Manav Chaudhary supervised by Prof. Vasudeva Varma Kalidindi received his Master of Science – Dual Degree in Lateral Computer Science and Engineering (LCD). Here’s a summary of his research work on You Can (Not) Trust: Reliability and Robustness of LLMs as Human-Like Annotators and Judges:
The rapid adoption of Large Language Models (LLMs) as tools for annotation and evaluation tasks in Natural Language Processing (NLP) has led to important questions about their reliability, robustness, and alignment with human expectations. This thesis investigates these concerns across three connected lines of inquiry: (1) the indistinguishability of LLM-generated annotations from human annotations, (2) human alignment and reliability of LLMs as subjective judges of language quality, and (3) the susceptibility of LLM-judges to misinformation attacks in evaluation settings.
In the first part of this thesis, we study whether annotations made by LLMs can be reliably distinguished from those created by humans. Previous research has claimed that LLMs behave as ‘human-like annotators’, motivating our work to rigorously test this hypothesis. We frame this as a classification task: Given a dataset of annotations, can a model detect their origin? Surprisingly, our findings indicate that even state-of-the-art classifiers achieve near-chance performance, with accuracy not exceeding 51\%. These results offer strong empirical evidence that LLMs produce annotations that are indistinguishable from human annotators in most settings, validating the ‘human-like’ claim from a discriminative modeling point of view.

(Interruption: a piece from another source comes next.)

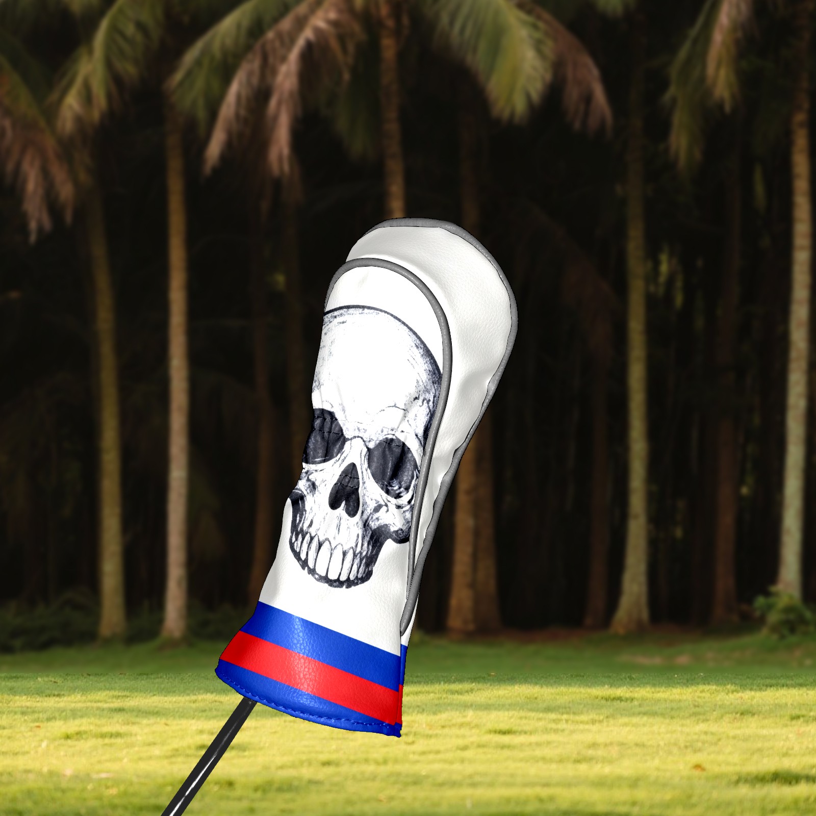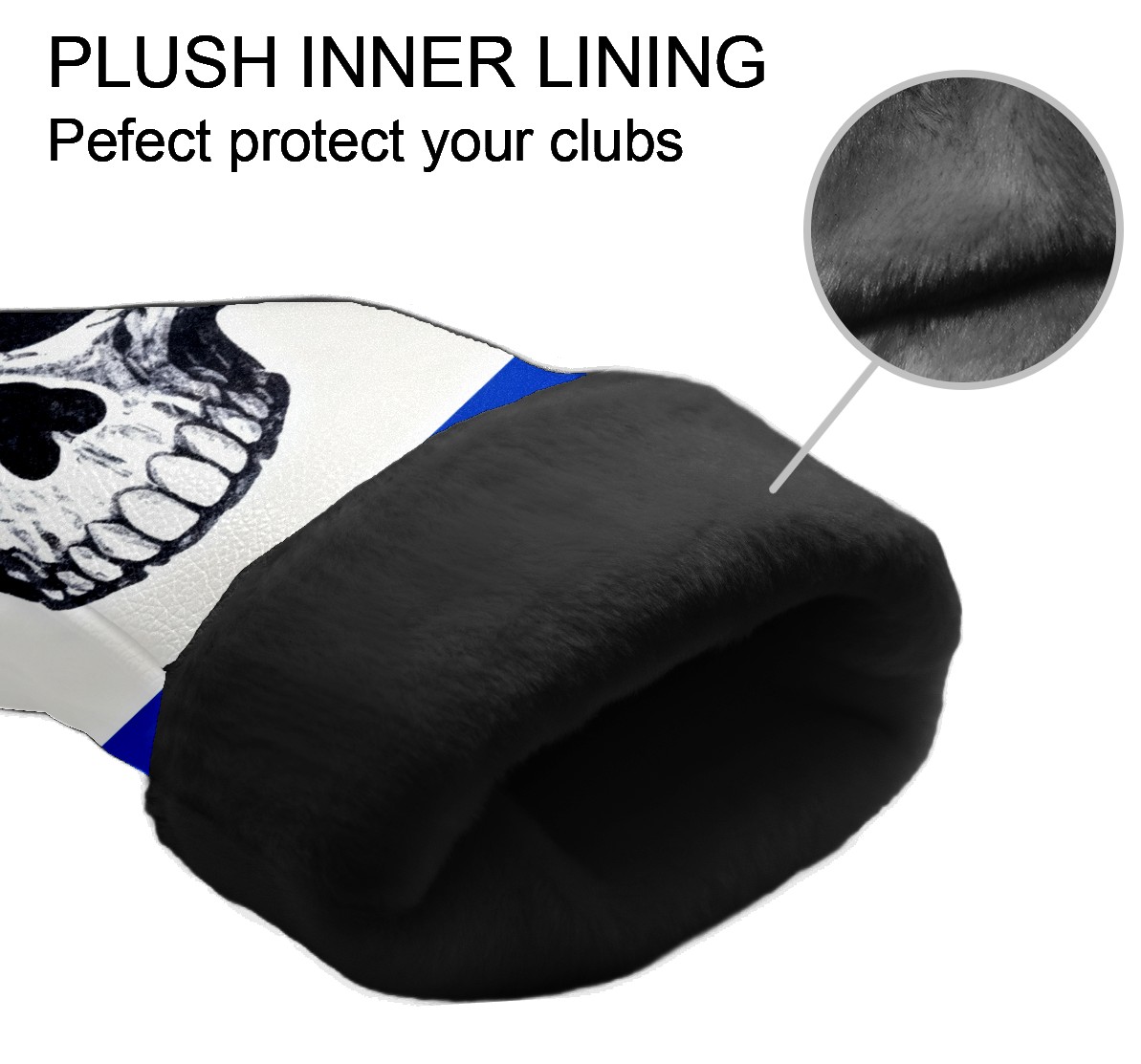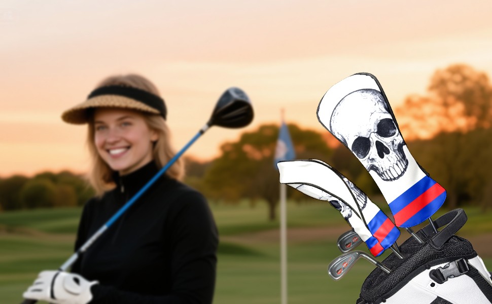 Golf Club Covers PU Leather Waterproof,Golf Club Head Covers for Fairway Woods and Hybrids White Skull Unisex Suitable for Most Brands

Building on this, we explore whether LLMs can function as reliable evaluators: a more nuanced role that goes beyond labeling and involves subjective scoring of text quality (e.g., summaries, open-ended responses). In this phase, we test how well LLM-generated judgments align with human evaluations and how robust they are to subtle changes in prompt phrasing. We introduce controlled prompt perturbations and evaluate the consistency of LLM scores and textual justifications. The results show a significant lack of robustness: Small, often misleading perturbations lead to large changes in judgment outputs. These inconsistencies expose limitations in using LLMs as trustworthy evaluators, especially in high-stakes or subjective settings.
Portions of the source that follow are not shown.